The greenback lost ground amid positive headlines from the US-China trade front
On Tuesday, the US Dollar is slipping back closer to the 93.00 mark and now sits in the red zone near the 93.19 region. The greenback’s weakness gave some support to the EURUSD pair that regained the 1.1800 level and now trying to get a foothold above it.
The bullish sentiment around the most popular currency pair was determined by risk-on that returned to the markets mostly due to positive reports on China-US trade relations. Today, during a phone call with Chinese Vice Premier Liu He, the US Trade Representative Robert Lighthizer together with Treasury Secretary Steven Mnuchin discussed the implementation of the Phase 1 of the current trade deal. Both sides said that the talks were ‘constructive’ and saw some progress. They also pledged to take necessary steps to ensure the success of the agreement.

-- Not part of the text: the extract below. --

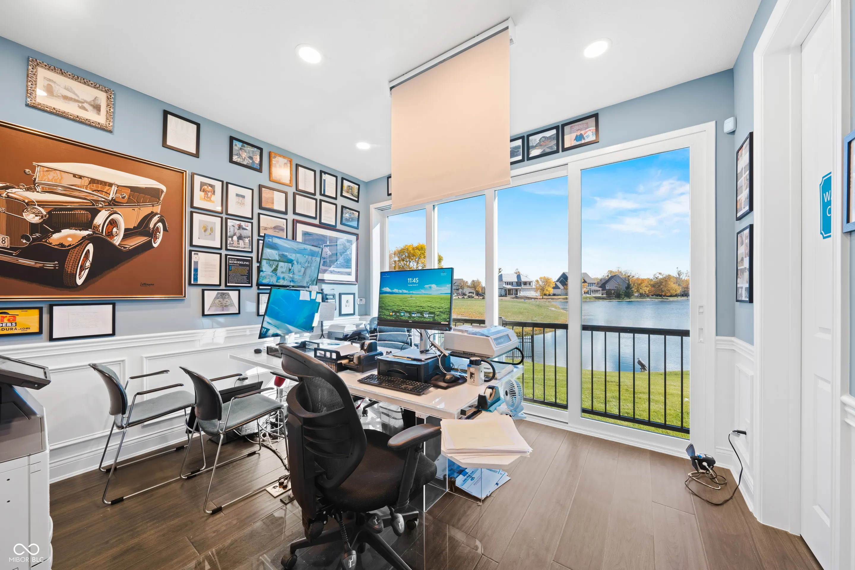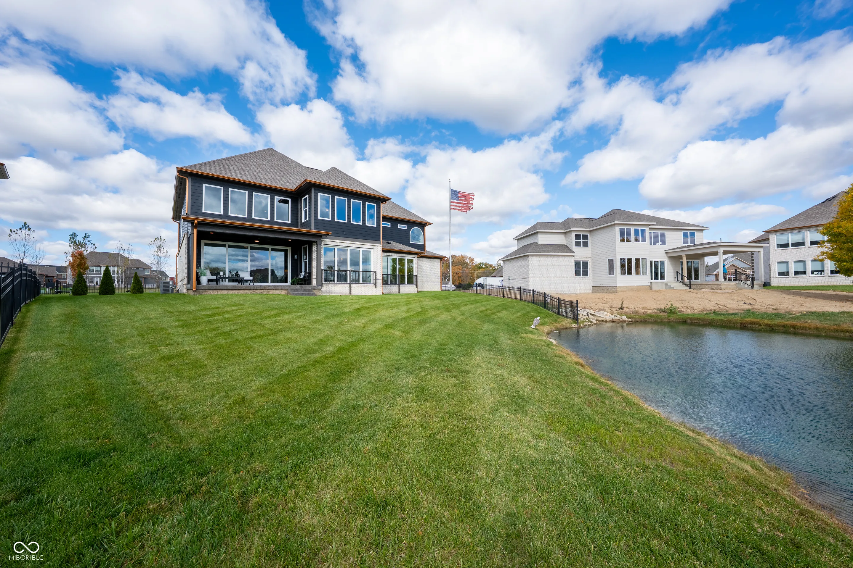 Welcome to this luxurious lakefront home, where stunning water views and elegant living come together. Situated on a pristine waterfront lot with a semi-circular driveway, this exceptional property offers the perfect blend of tranquility and sophistication-ideal for multi-generational living and creating lasting family memories. A beautiful foyer invites you in from the covered porch, setting the tone for the grandeur that awaits. The main level includes a bedroom and a formal dining room perfect for hosting family gatherings and entertaining guests. The open floor plan flows seamlessly into the impressive two-story great room, complete with a cozy fireplace and expansive glass sliding doors that showcase breathtaking lake views and abundant natural light. The gourmet eat-in kitchen features premium finishes and an adjacent hearth room for additional seating and relaxation, ideal for enjoying your morning tea while taking in the serene waterfront scenery. A main floor guest bedroom with privacy ensures comfort for extended family or visitors. Upstairs, you’ll find four spacious bedrooms, including the luxurious owner’s suite, which boasts a garden tub, tile shower, double sinks, and two walk-in closets. The finished lower level adds even more living space, featuring a fully equipped wet bar, an additional bedroom, a full bathroom, and a generous rec room-perfect for hosting celebrations and entertaining guests while enjoying beautiful views of the lake. With ample space for family, guests, and entertaining, this auspicious waterfront retreat combines elegance, functionality, and prosperity, making it ideal for both everyday living and lakeside entertaining. Don’t miss your chance to make it yours! Home is being offered to sell contingent upon a 6-month lease back to builder after closing with new buyer. After closing, seller/builder will have possession until the 6-month lease expires.

Liu He added that both sides had a constructive discussion over the strengthening of macroeconomic policy coordination and promised to promote further the implementation of the Phase 1 of the trade deal. Those comments inspired markets backing up equities and risk currencies to the detriment of the safe-haven USD.
Meanwhile, the traders’ enthusiasm was further propped up by improving coronavirus statistics from Germany, Florida and Victoria. Although German Robert Koch Institute reported new 1278 cases today, the number was inferior to those seen on Saturday. Florida registered about 2086 new cases.
In the NY hours, the US will release New Home Sales for July, Richmond Fed Manufacturing Index for August, and Consumer Confidence. However, as the statistics are mostly second-rate, traders will take cue from risk sentiment, Sino-American headlines and coronavirus highlights.
From the technical point of view, EURUSD will likely continue its march north with the resistance is seen at 1.1845, 1.1880-90, and 1.1950-65 and the support is marked at 1.1755, 1.1695-10, and 1.1640.